As we enter April, 10 public sector banks will be merging today making it one of the biggest consolidation in banking history. In 2019, the government had announced that there will 4 bigger banks by consolidating 10 banks which brings the public sector bank count to 12 from 27. Here are the ‘Mega-Merger’ details:
- Oriental Bank of Commerce (OBC) and the United Bank of India will join Punjab National Bank (PNB) making it the second-largest bank after State Bank of India (SBI).
- Union Bank of India will be merging with Andhra Bank and Corporation Bank
- Allahabad Bank and Indian Bank will come together
- Syndicate Bank will merge with Canara Bank
Tech integration: Prime focus for this wave of merger
While the first wave of banks involved a geographically based integration, the second wave is focusing more on the tech integration based consolidation. During the Mega-Merger announcement in August 2019, Finance Minister Nirmala Sitharaman had emphasized on making the banks stronger and placing trust in ‘next gen’ technology features. She said that this would ensure that there is no disruption for customers due to the integration of fintech operations in these banks.
This list of this merger was drafted once the banks were selected based on one bank having a larger capacity, second having the technology-driven capacity and ascertaining the deposit franchise of the third.
Canara Bank and Syndicate Banks came together since they worked on iFlex core banking system and similarly, Allahabad Bank and Indian Bank merged as they used BaNCS.
For the other mergers, Finnacle CBS Platform was used to make two sets of 3 banks merging into one for better management.
Learnings from first wave merger
The first wave of mergers among Bank of Baroda, Dena Bank, and Vijaya Bank gave a healthy insight into what were the major challenges faced during the merger. Integrating technology was one of the biggest since there was a serious mismatch in their operating system.

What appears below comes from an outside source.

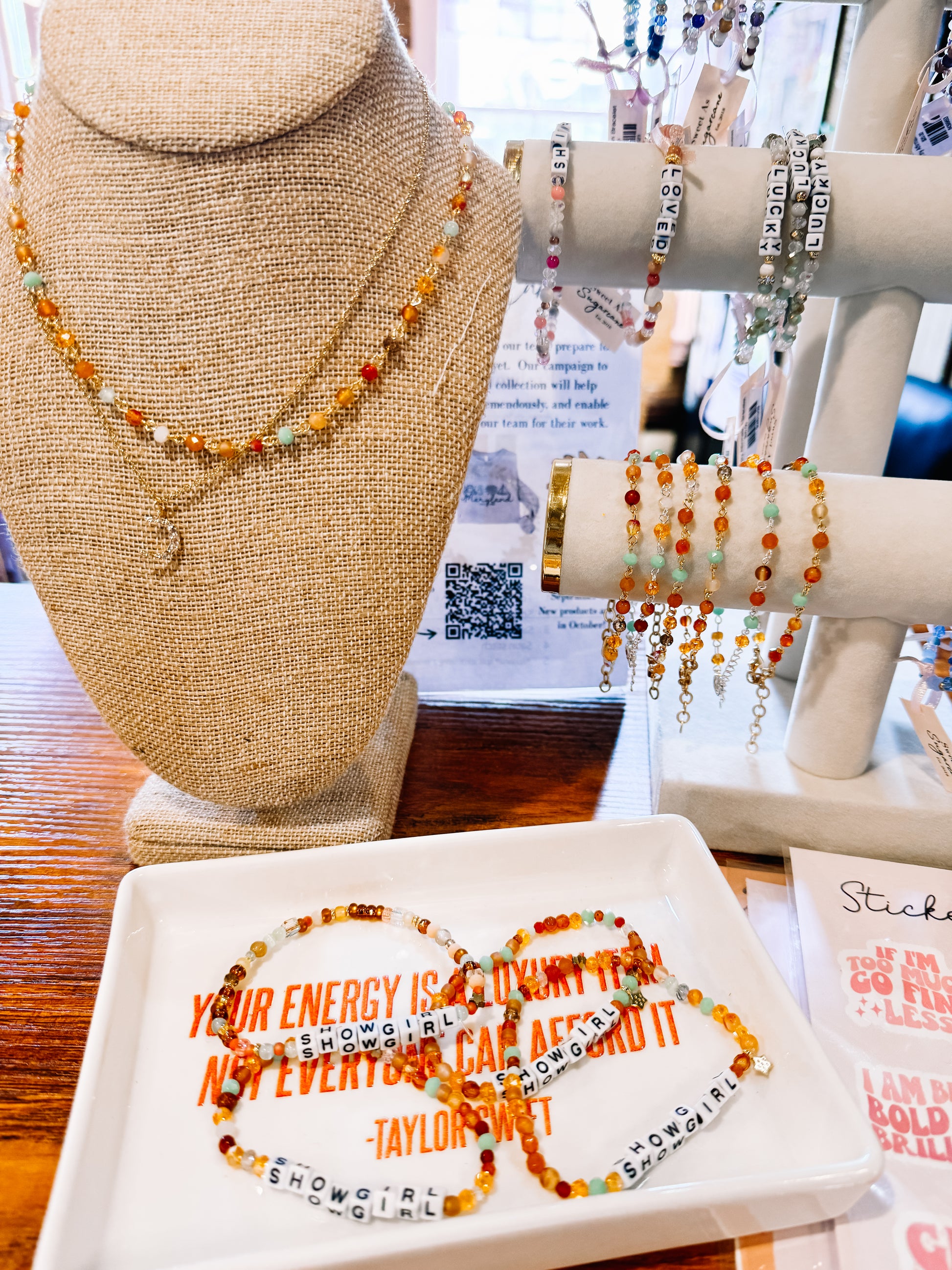 Handmade beaded chain bracelet available in gold or silver with our specially curated “showgirl” bead mix!
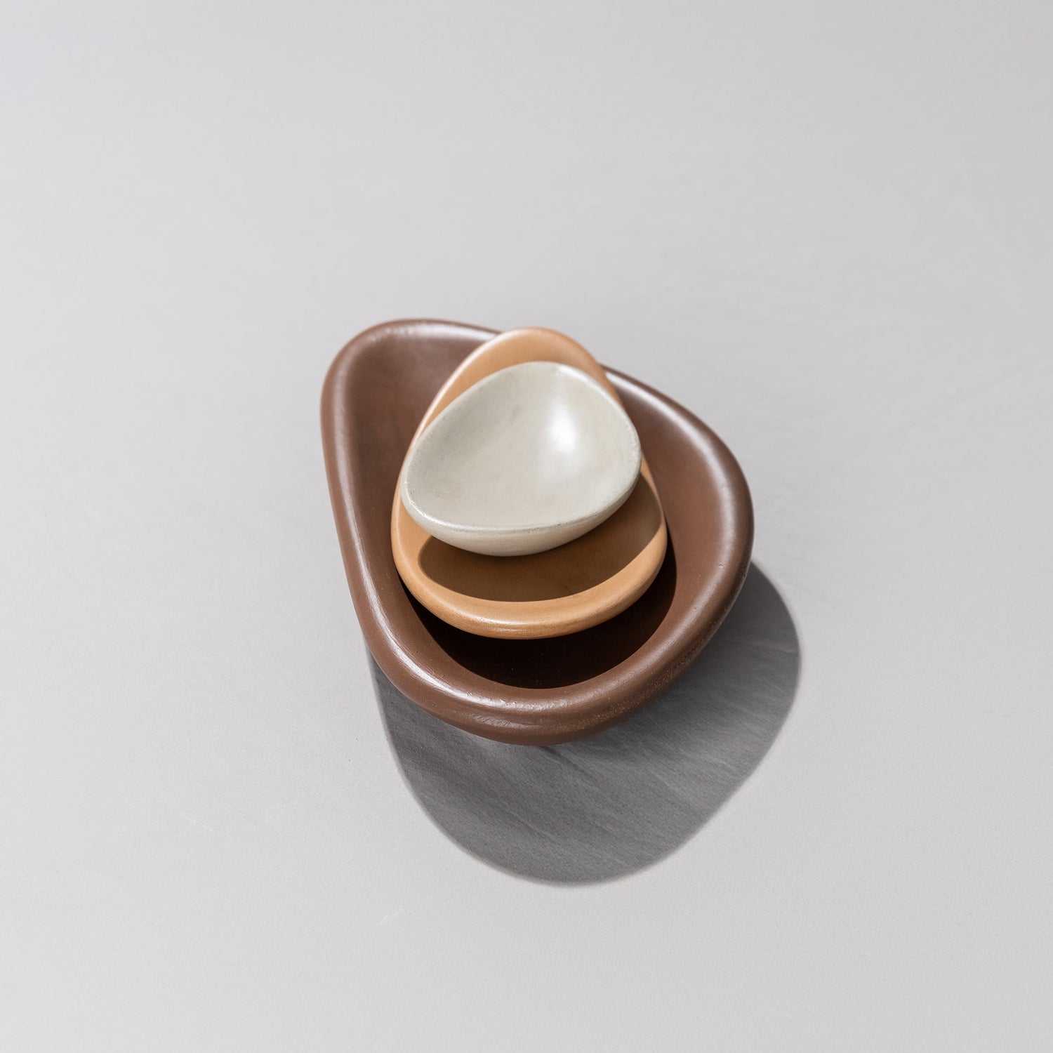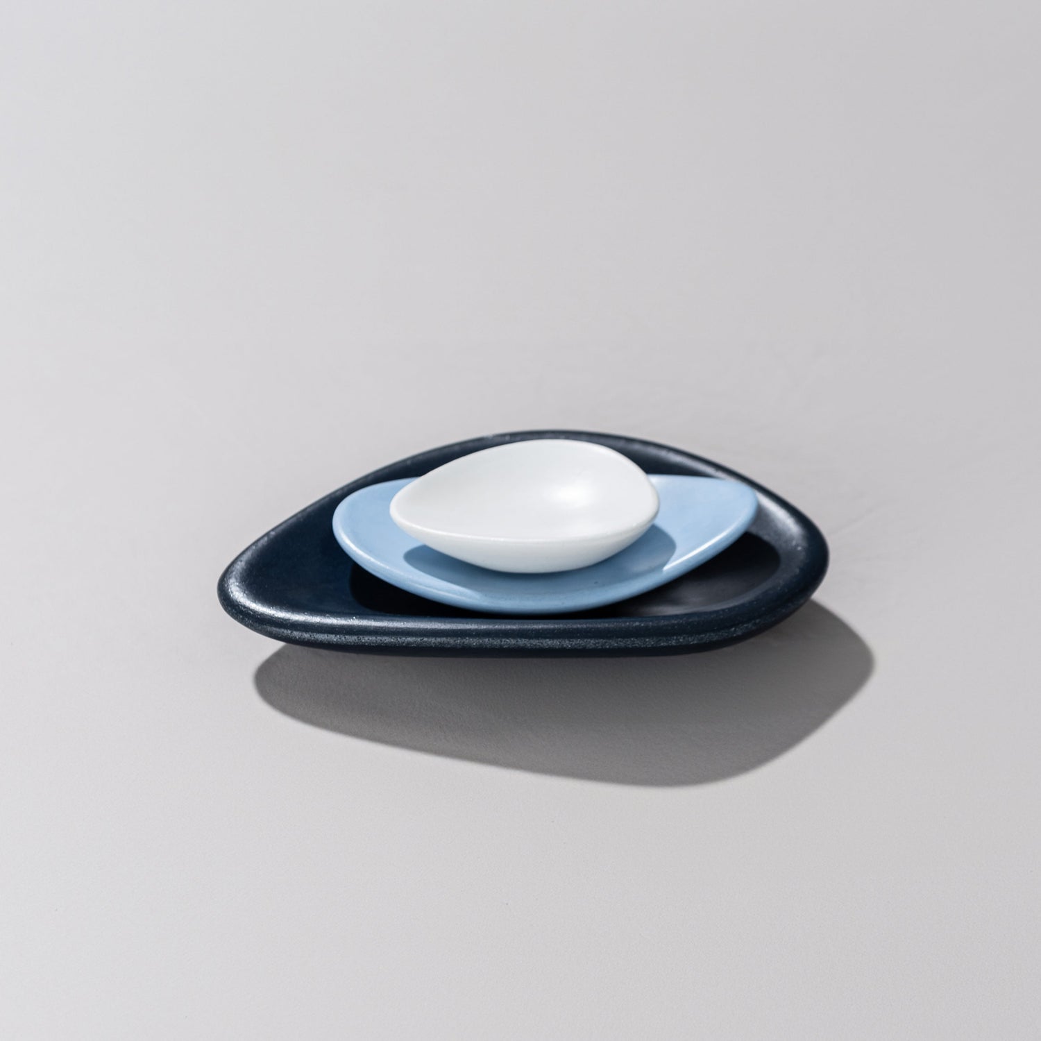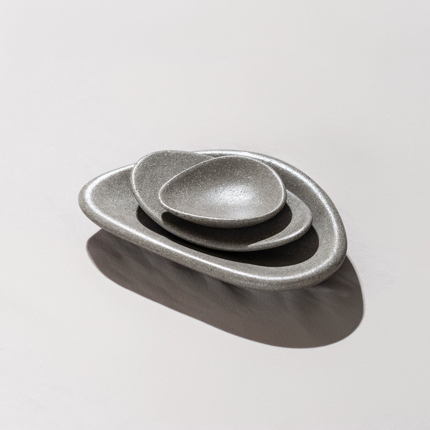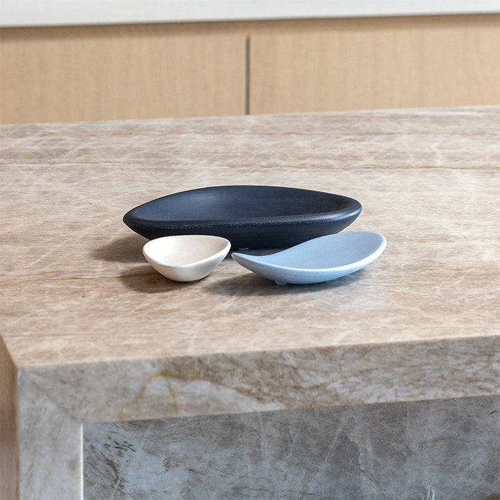 A set of three stackable catch-all dishes that looks great in any room. Use it for jewelry next to your bed, sunglasses and keys near your entryway or an object of natural beauty on your coffee table. Crafted to resemble the smooth, organic contours of ocean-touched stones, these concrete dishes are more than just a tabletop accessory; it's a statement piece that adds a touch of coastal elegance to any space.

Not just operating systems, some analysts pointed out that banks would take at least 2-3 years to stabilise technologically. The integration would involve the website, application, IVR, data and analytics from all banks, and doing all this while ensuring cybersecurity.
While most banks will have the same software, backend integration is where most tech companies would have to help out.
Summing up: Technology is of utmost importance to banking operations
- More Efficiency: There is an evident increase in efficiency once technology is involved which means the customer is served better.
- Sorting Information: The bank will have a stronger hold on internal operations since all systems will be updated with information making it easy to sort information.
- Cost-saving: There will be a major cost reduction since manual work will become automated and also floor space will be reduced.
- Accurate: Cheque clearances, passbook entries, branch reconciliations and other functions will be faster and correct.
- Internet: The internet also helps banks carry put other functions such as customer service and internal communication effectively.